Maybe that kind of giant move is realistic for you, but maybe it isn’t. It doesn’t really matter, because those are only a few of the potential paths for a musician.

By all means set your goals high, and chase after them with everything you have – but also understand that those goals can look however you want them to.

Whatever you want to do, it’s going to take work (unless, of course, you don’t want to do anything – and if that’s the case, you’re reading the wrong blog).

I can’t really speak on getting the “big gig” or grinding out auditions in a new city. I haven’t done those things, and I’m not entirely sure I want to…

I do know, however, that I love making music. I love drums and beats and funky shit with every fiber of my being. Because of that, I’m going to do what I can right here, right now, to make it a bigger and better part of my life… Wherever it takes me, I’m going to stay after it.

…And I want to empower you to do the same day after day after day.

Whatever your skill level, bank account balance, ability (or disability), or other responsibilities… You can take steps.

It All Counts


With a little bit of diligence, each and every one of us can find a few more minutes in the day to practice, to learn more about the business, to send booking emails, to put together jams.

If you have a band, you can get more involved in writing or booking or promo…

If you can only afford a junky instrument, play it anyway. If you have to beg and borrow yourself into a piecemeal drum kit, so be it!

We’ve got to reframe the way we think about obstacles, and defeat that terrible habit of comparing ourselves to folks much further along in their journey. We need to worry less about what we don’t have, and make the most of what we do.

A basement gig is a gig. A band breaking up or stalling out isn’t the end of the world – start a new band (or another one). If you can’t find people to play with, practice… And keep looking for musical cohorts every single day. It’s not about the gear, the town, the schedule, the other responsibilities, the number of hours in the day…

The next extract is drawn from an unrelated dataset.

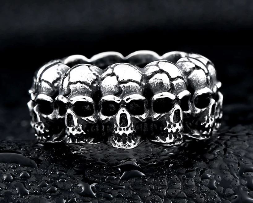 Graveyard Skull Band Ring – Stainless Steel Skull Ring (Thick or Thin Band)

More than anything, it’s about attitude.

Every open mic, every conversation, every minute you spend on the practice pad… It all adds up over time. Even if it can only be a small part of your life, spending time and energy on music (or really, any activity that gives you some fulfillment) is a choice – and every little bit counts.

Moving forward at a snail’s pace is still moving forward.

And that’s the mindset, the kind of committment, that will propel you forward into the best version of a “music career” that your lot in life will afford.

Not everyone’s the same. You have to make your own decisions about the gigs you’re willing to play, the bands you’re willing to join, pay, distance, whatever.

But underneath all of those choices, at least for me, is a current of “by any means necessary.”

If it means late nights or long drives, so be it. If it’s stressful or a time crunch to pack more than one gig into an evening, awesome – I’ll make it happen if at all possible. If I have to take on booking or finance or social media or whatever to make a band work, then that’s exactly what I’ll do.

By. Any. Means. Necessary.

You’ve got to be responsible, sure, and only you can know exactly what your capacity – or tolerance – is for practice, gigging, rehearsals, travel… But it’s not going to happen, any of it, without some degree of sacfrice.

If you only make music when it’s perfectly convenient, I’m afraid you won’t be making much music at all.

I once heard Nick Ruffini (of the mighty Drummer’s Resource) say something to the effect of: “Until you have the luxury of saying no, the answer should always be yes.”

I’ve come to adopt this as an ongoing philosophy. If a musical opportunity comes my way, large or small, the default answer is a resounding YES!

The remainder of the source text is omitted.